# Can't Find Craftsman Router Base Plate



## DucatiTorrey (Oct 4, 2009)

Hey everyone, i am building my first router table, and need a flush mount blas plate for my router,

i have the Craftsman 2 hp Soft Start Fixed Base Router with Electronic Feedback Control, 11 amp router

it has three evenly spaced holes to mount

so, i need a plate, and im really really new to this, any help you can give would amazing


thanks

jim:yes2:


----------



## DucatiTorrey (Oct 4, 2009)

someone mentioned this site
www .oak -park.com

any word on them? they seem unsure about craftsman routers


----------



## bobj3 (Jan 17, 2006)

Hi Jim

You will not find one drilled out for your router,it's to new, so to say you will need to drill one out,,easy stuff use the one on the router now for the pattern..

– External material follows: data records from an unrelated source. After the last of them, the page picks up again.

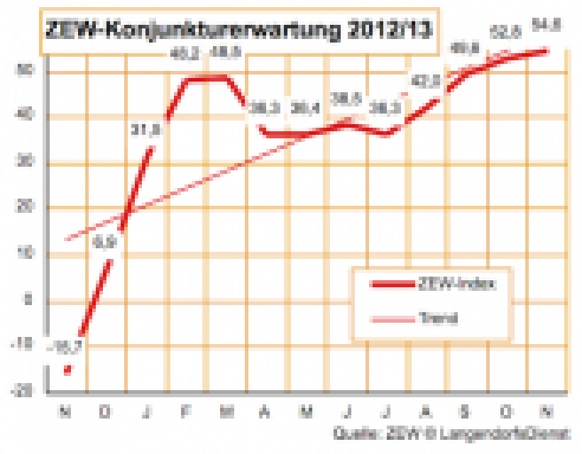 "Zuversicht wächst weiter" titelt das ZEW die Meldung über seinen Konjunkturerwartungs-Indikator, der auf einer Umfrage unter 285 Finanzexperten beruht. Im November steigt dieser Wert für Deutschland von plus 52,8 auf plus 54,6 Prozentpunkte: So groß ist jetzt der Abstand zwischen den Anteilen von Analysten mit positiver und solchen mit negativer Konjunkturerwartung. …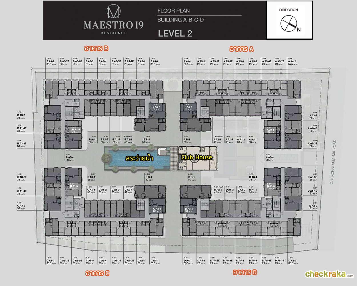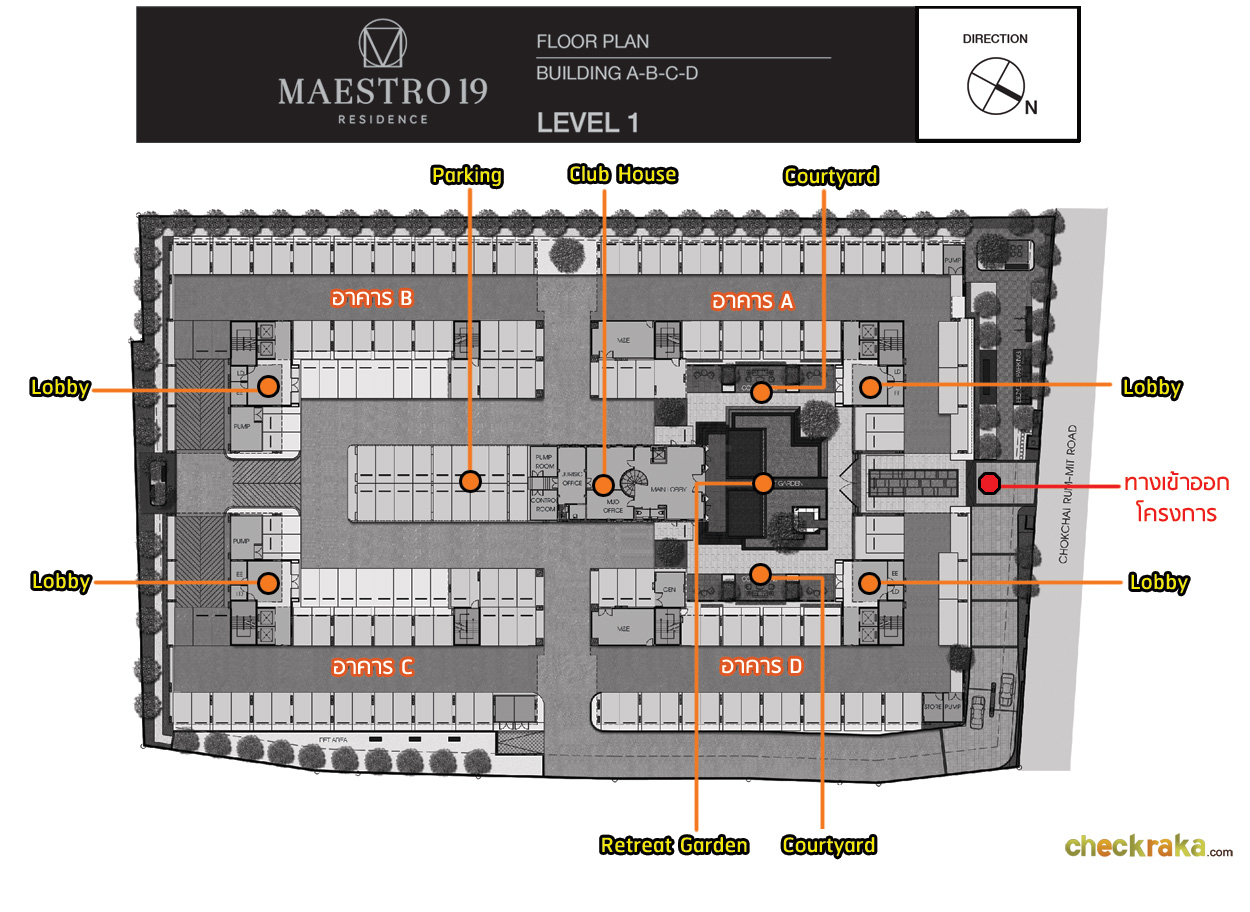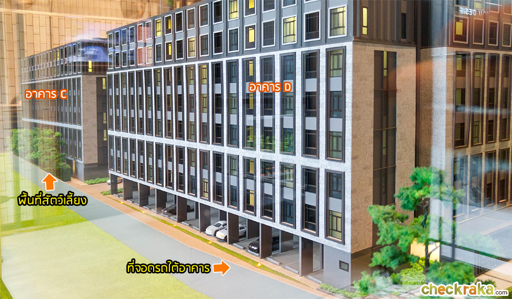 ส่วนอาคาร A และอาคาร D พื้นที่จอดรถจะอยู่ที่ชั้น 1 บริเวณใต้อาคาร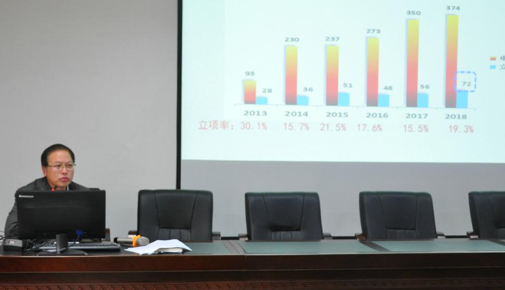 会上,洪峰对郭兵一行到公卫院开展国基申报调研与动员表示感谢和欢迎。李一欣介绍了近几年公司及公卫院国基申报立项情况和2019年国基申报时间节点安排。郭兵就相关情况进一步说明,并结合公司科研管理、科研奖励制度和学科发展等方面强调了申报国基的重要意义,对公卫院2019年国基申报提出了希望和要求,他希望符合国基申报条件的老师积极申报,发扬创新拼搏的科研精神,努力做好2019年国家自然科学基金申报工作。陈腾祥也针对国基申报工作的相关注意事项进行了说明。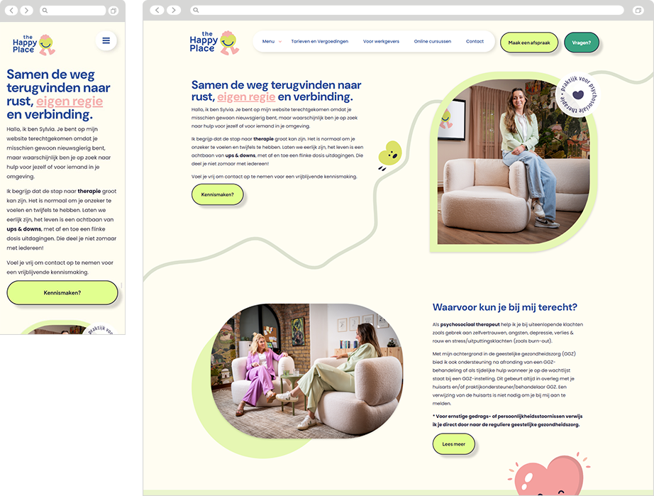 Voor The Happy Place mochten wij werken aan de complete visuele identiteit. Van het logo en de huisstijl tot het website-ontwerp en diverse communicatiemiddelen. Alles met één doel: een herkenbare, warme en consistente uitstraling creëren die vertrouwen wekt bij de doelgroep.

- Harbor Freight Tools - Quality Tools at the Lowest Prices

make the item below to line up the plate to your router..

a bolt that you cut off some of the threads and the head and cut a disk out of some 1/8" plastic that is held in place with a nuts to the bolt..use a hole saw to make the disk..


I just made two for me just for kicks,see below, took about 30 mins. to make two of them..
1 3/8" and 1 3/4" size..

Below you will also see a simple jig to get the hole saw cut outs right on the button..
They need to be true and dead on, hole saw them out just a little bit bigger then sand them down to the true size. 

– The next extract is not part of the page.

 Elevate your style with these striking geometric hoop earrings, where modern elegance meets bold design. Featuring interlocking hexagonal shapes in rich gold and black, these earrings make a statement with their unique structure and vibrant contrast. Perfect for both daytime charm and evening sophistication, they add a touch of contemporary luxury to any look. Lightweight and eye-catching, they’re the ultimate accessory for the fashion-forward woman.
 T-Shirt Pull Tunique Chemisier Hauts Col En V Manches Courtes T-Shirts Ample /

NOTE------if you make one besure the bolt you use is a true 1/4" ,many bolts now days are under size with rolled threads,,you don't want to wipe out the router collet nut by using a smaller bolt..

=========



DucatiTorrey said:


> Hey everyone, i am building my first router table, and need a flush mount blas plate for my router,
> 
> i have the Craftsman 2 hp Soft Start Fixed Base Router with Electronic Feedback Control, 11 amp router
> 
> ...


----------



## Twill57 (Jun 8, 2009)

Jigs:
Great tip on the plate centering tool, and the sanding jig as well.


----------



## bobj3 (Jan 17, 2006)

Thanks Tom

The jig can be used on many things like toy wheels,etc.just about anything you want it to be the same size..or smoooooooth 

The line up pin is so simple, it's almost fool proof and works on almost all routers..

The cone point set screws in the picture are used to put in marks to drill the holes for the mounting holes,,,you can make your own with standard set screws ,chuck them in a drill and grind the cup point to a sharp point...then screw them in the router base and use the line up tool and tap the base with a hammer and you have the marks on dead center to drill the holes out..  no guess work...I do recommend drilling the holes a little bit bigger than they need to be so you can move the base plate around to line it up.. 



======

===



Twill57 said:


> Jigs:
> Great tip on the plate centering tool, and the sanding jig as well.


----------